Thursday, May 12, 2016

Broken Telephone

"We care a lot about you people... about your guns
About the wars we're fighting - gee that looks like fun !
(it's a dirty job but someone's gotta do it)"

Faith No More - We Care A Lot


Broken Telephone is surprisingly acceptable.
When you see comic book artists gettin' politicalous you kind of expect the usual glorification of American middle-class political activism, or in other words political correctness. Especially if the cartoonist(s) in question happens to be a product of American art schools. Women are saints and men are pigs, homosexuality is morally superior, gay pride parade aesthetic tastes are the pinnacle of civilization, nature is good and technology's evil, foreign people are better than you unless they're white, being "spiritual" is smarter than smarts, religion's only evil if it's not new-age jumbled mumbo or Wicca (that shit's totally Buddha-level enlightenment) vegans are martyrs being oppressed for their beliefs and shoehorning a black guy into the White House will totally change that white house's stripes. Also, slogans fix everything.

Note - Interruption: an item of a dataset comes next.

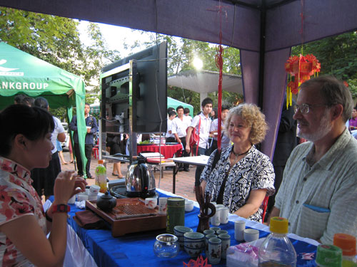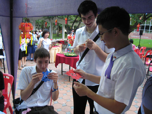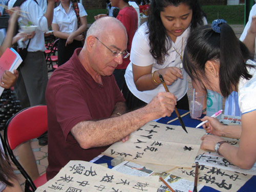 清迈大学孔子学院在“中国日”活动中表现抢眼,并为活动的成功举办发挥了重要作用。我们设计了内容丰富的中国文化展台,除了传统的剪纸、书法、茶艺以外,还用中国文化体验设备循环播放关于中国的介绍片。现场还提供了饺子、汤圆等典型的中国食品,大批学生在体验中国传统文化的同时品尝中国食品,既饱眼福又饱口福。毛笔书法是中国传统文化的主要内容,现场观众兴致勃勃的学写书法,其中不仅有学习汉语的学生也有对汉字和中国书法感兴趣的西方学者。茶艺展位前一批又一批的师生来轮番观看茶艺师的表演,此时饮茶不是主要目的,茶的冲泡操作过程才是他们的兴趣所在。剪纸展位前学生们饶有兴趣的在老师的指导下剪出不同图案,看到自己的作品,学生情不自禁的流露出开心的微笑。观众直到夕阳西下华灯初上才依依不舍的离去,活动取得了圆满成功。(作者:马维薇)

Broken Telephone is certainly a product of that culture but it's one of the saner varieties. Its overall tone acknowledges the unavoidable fact that activism is as often as not a matter of self-aggrandizement and not genuine progress, while not betraying the dire necessity for progress. As a collaborative project, its artwork may make readers cringe from one chapter to another (I could not stomach The Gecko's chapters) but remains largely readable. The dialogue's clever enough (in places threatening to drift too heavily into one-liners) but it's the plot's play on expectations which makes it stand out.

The extent to which it panders to conceits like those above is somewhat debatable. Certainly a breakdown of positive and negative roles still reveals a predictable bias. However, the plot's various twists and turns give the lie not only to such presumptions but to sitcom tropes and action movie heroics as well. Beneficent do-gooders and hard-bitten hired muscle are evaluated on a case-by-case basis. In particular the scene of the great speech by the hero of the revolution (and the rejoinder thereof) was quite brilliant.

None of this, however, is going to make me listen to the sequel in podcast form. Avoiding human voices is one of the main benefits of reading comics.